Volunteers help clean-up Nappanee

By: Marcie Kobriger Email
By: Marcie Kobriger Email

The city of Nappanee continues to heal after a tornado ravaged the small town late Thursday night.

Not quite three days after the storm, the city is still under a state of emergency and will remain so until Monday to protect businesses that were damaged.

All Wa-Nee schools will be open on Monday, but the Head Start programs will not resume until Tuesday.

Most homes have had their power restored, but a few hundred are still left without.

Nappanee’s mayor says they will receive state help and they are asking for federal help.

And thanks to thousands of volunteers a lot of progress was made in the clean-up. People came out to help in droves, even with no connection to the city.

Usually when traffic is backed up in Nappanee, it is because vehicles are lined up behind a buggy, but Sunday’s hold up was from people lining up to help their neighbors in need.

“We waited for almost an hour in traffic just to reach Northwood High School, which normally takes us fifteen minutes,” explained Crystal Lam. “It almost brings me to tears to see everybody show up today.”

Nearly three thousand volunteers gathered at Northwood High School and every single person was ready to get their hands dirty.

“[We’ll be] fixing stuff, picking up stuff, cleaning up around areas,” said Kyle Clevenger, who was volunteering with the clean-up. “We are here to help. Any place they send us, we will be there.”

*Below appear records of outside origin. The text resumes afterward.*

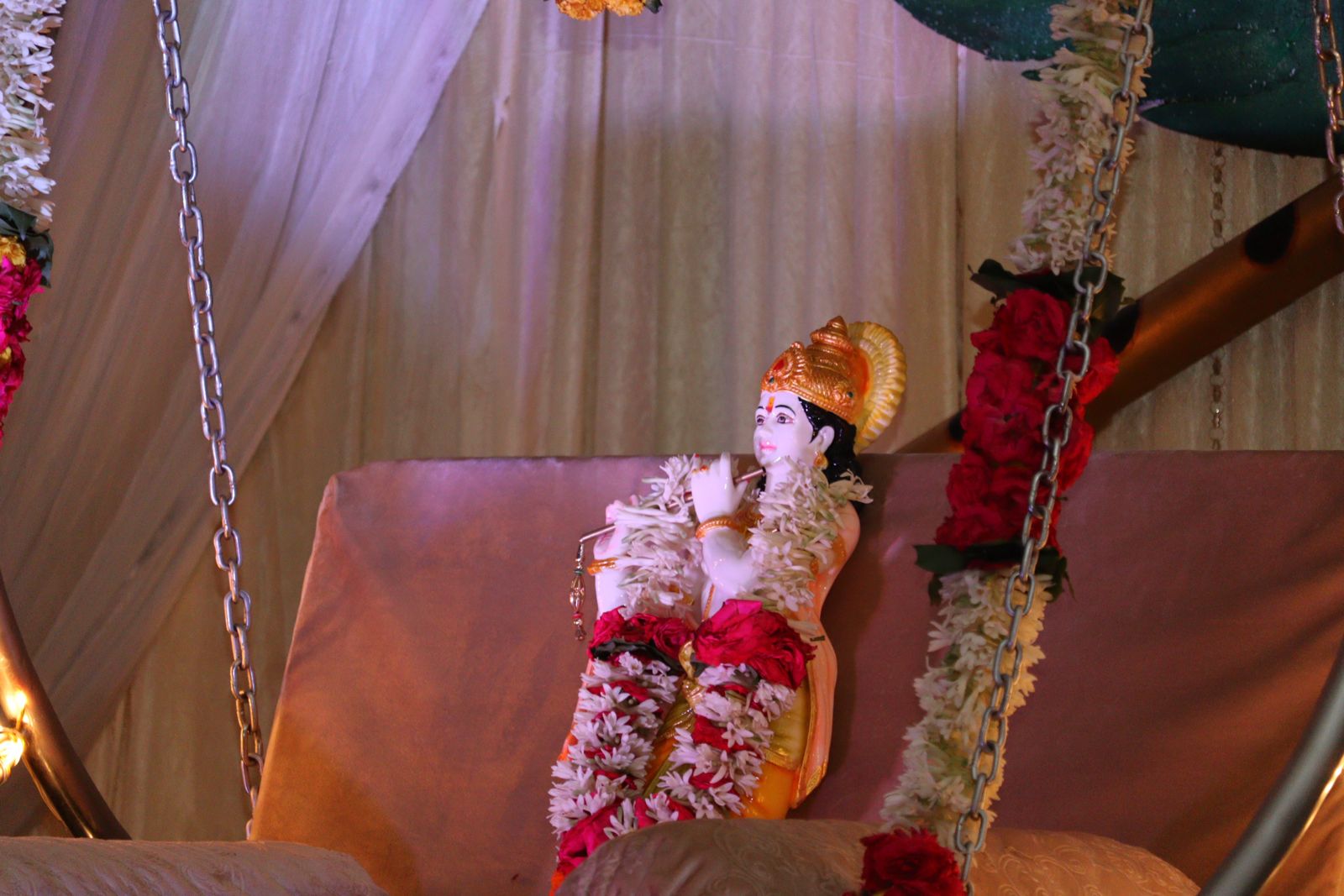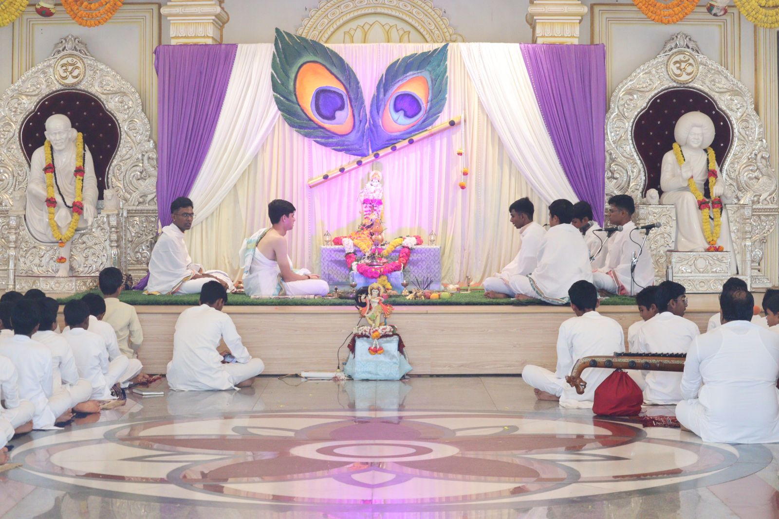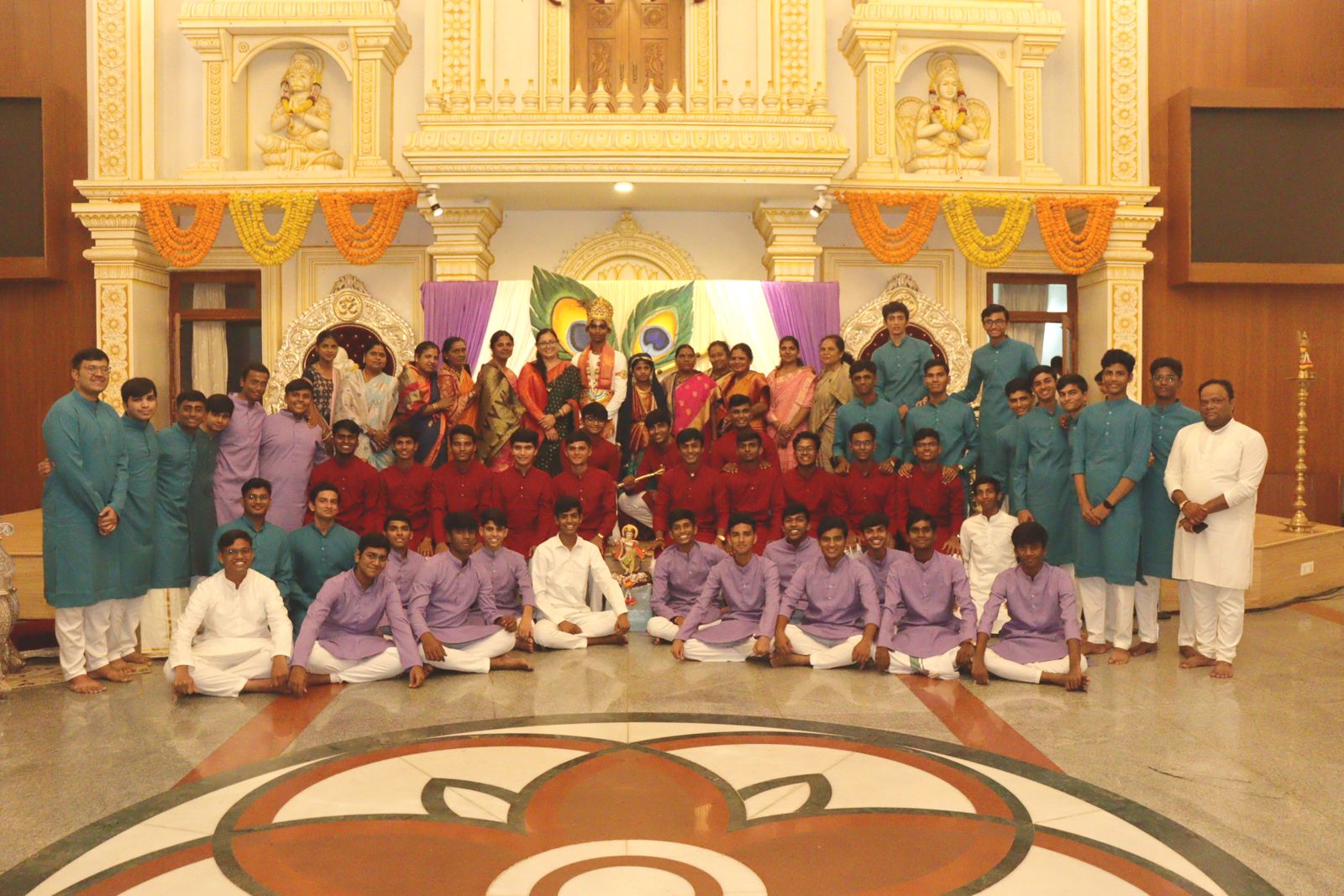 As the procession reached the Pentagon Prayer Hall, the entire hall resonated with divine energy, filling the hearts of the devotees with joy and reverence. In the Prayer Hall, the Krishna Puja continued with an Astavadhana Seva, a special Vedic ritual performed by the Department of Vedic Studies. The seva included the recitation of sacred stotrams (hymns), melodious songs, and a graceful dance recital by a student, all offered as a tribute to Lord Krishna.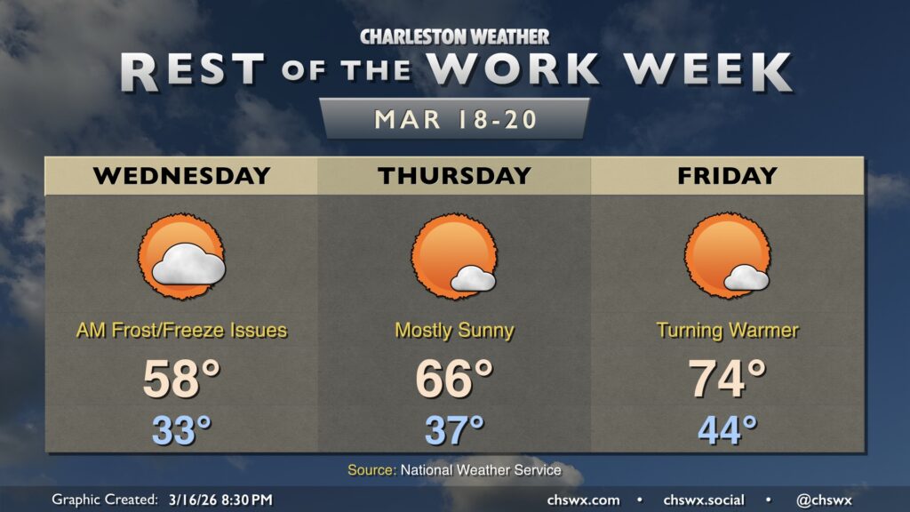 The only weather concern for the rest of the work week will be the risk for frost and freeze issues Tuesday night into Wednesday morning. Lows will fall below freezing away from the coast, and with calmer winds compared to Monday night, frost should develop pretty much everywhere else. You’ll want to protect sensitive vegetation for sure Tuesday night through Wednesday morning as a result.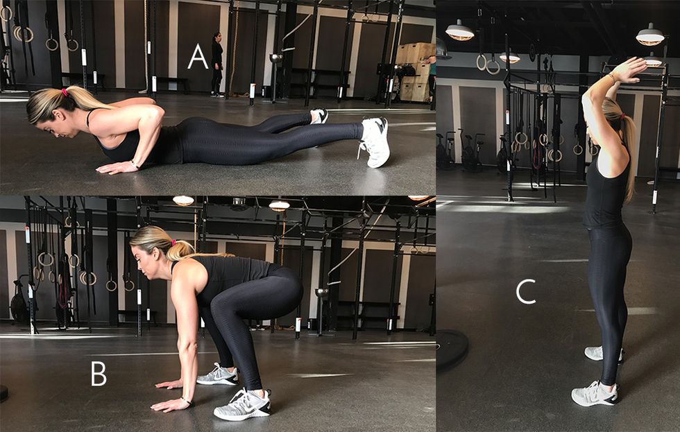 Выполните приседание и обопритесь ладонями о пол. Сразу же после этого выбросьте ноги назад, чтобы занять положение для отжиманий. Выполните 1 отжимание и переставьте ноги ближе к груди, чтобы встать. После возвращения в исходную позицию, выполните высокий прыжок на месте. Работайте в максимальном темпе на протяжении 60 секунд.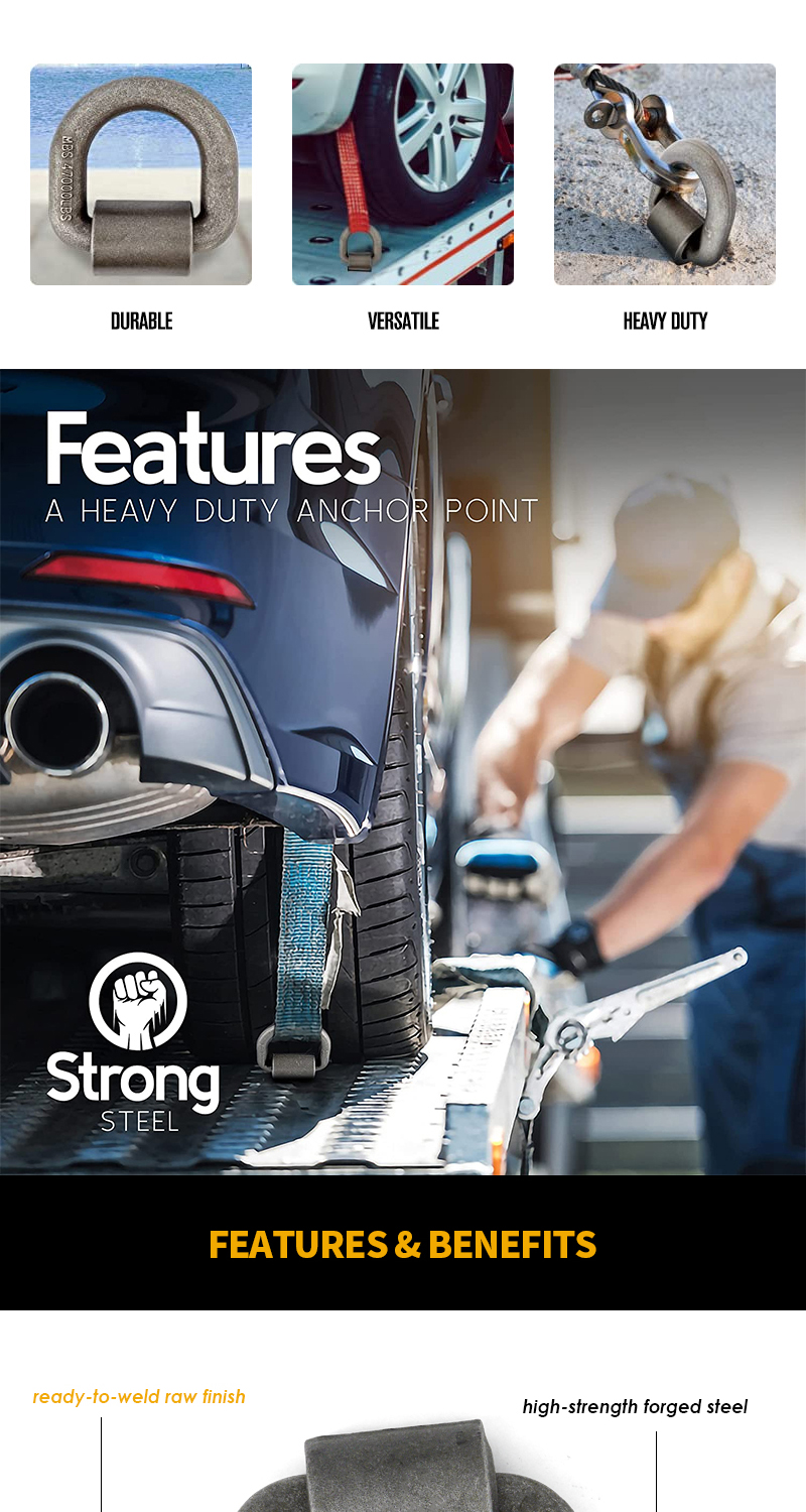 Heavy Duty Weld-On Forged D Ring 47600 Pounds Break Strength for Trailers Trucks and Cargo Tie Downs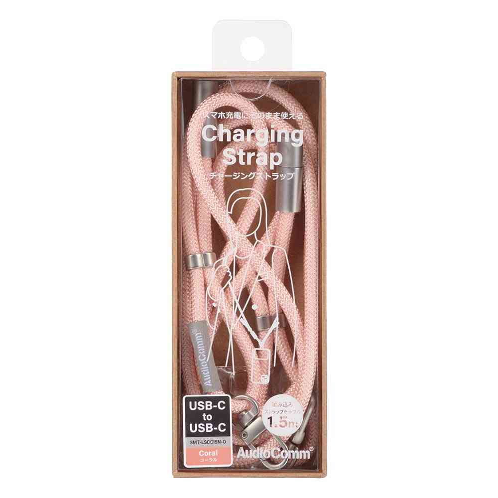 ● USB端子付きだから充電ケーブルとしても使えます ● 編み込みストラップケーブル ● USB-C to USB-C ● カラーはコーラル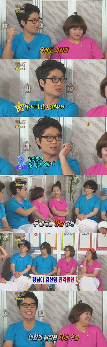 김태현은 또 "장염 때문에 입원했다길래 쉬라 그랬던 적이 있다"며 "나도 놀러가려고 국도를 달리는데 '행님아 김신영 전격출연' 플랜카드가 걸린 걸 봤다"고 말을 이었다. 김태현의 폭로에 김신영은 찔리는 듯 무안한 미소만 짓고 있었다.
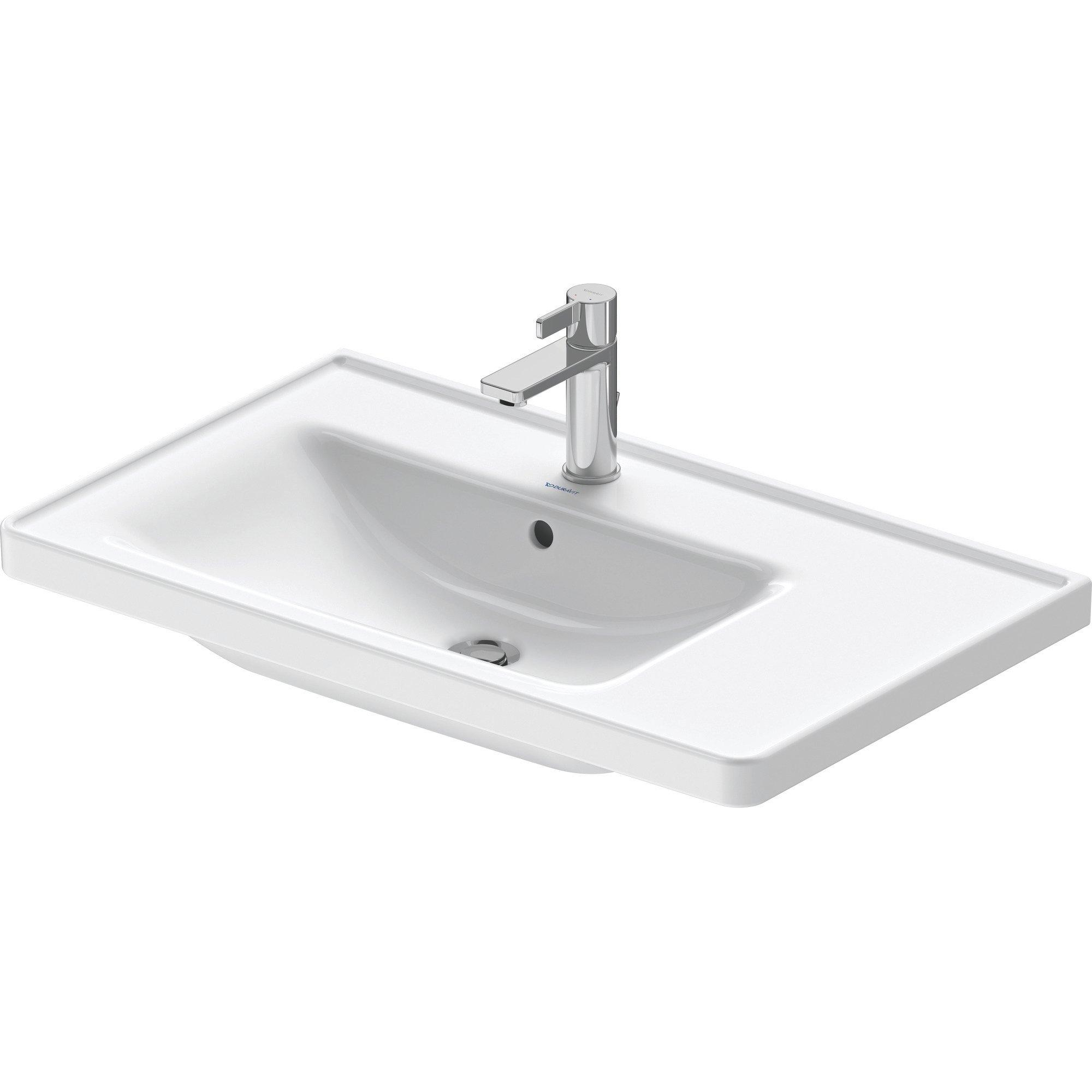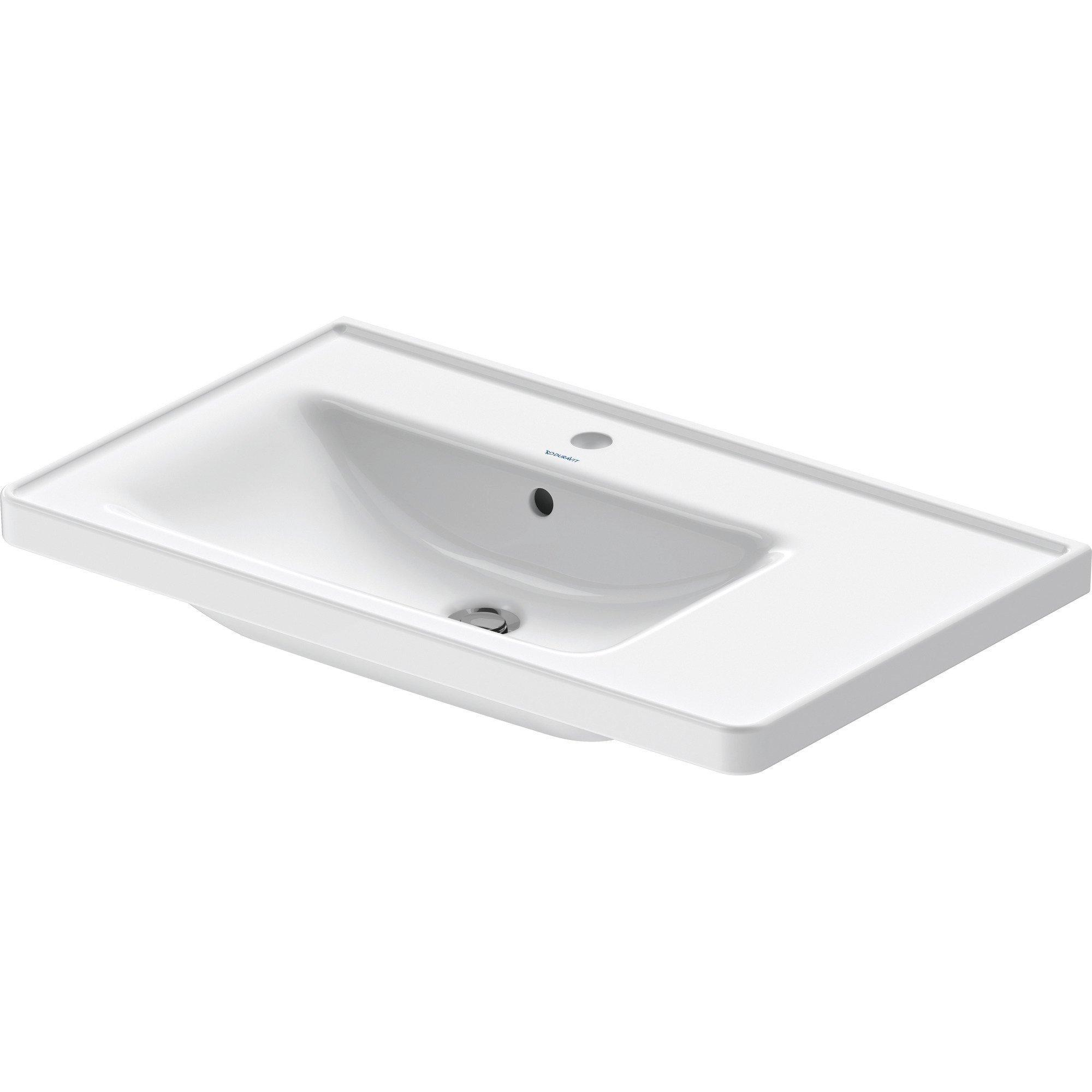 Duravit D-Neo lavabo avec WonderGliss 80x48x17cm 1 trou de robinet rectangulaire Céramique Blanc

Jaime Priego said, “From the high school, they were bused out to properties around the area, like a farm that was devastated in Thursday night’s tornado. And while they work to salvage anything they can, they don’t even k now who the property owner is and they say it doesn’t matter.”

The volunteers all said that it does not matter who they are helping, all that matters is what happened and the terrible mess that it left behind.

“Other than movies, I haven’t seen anything like this before,” explained Tregg Fisher. “I just couldn’t believe that something can make this kind of destruction.”

But from the destruction has come hard work, as thousands of hands racked, picked and piled and thousand of hearts reached out to their neighbors.

“It’s not only a testament to faith, but our need to help each other and to the American spirit,” said Gladys Deloe. “In struggles is where people really recognize each other, and this is something where being together makes us one human nation.”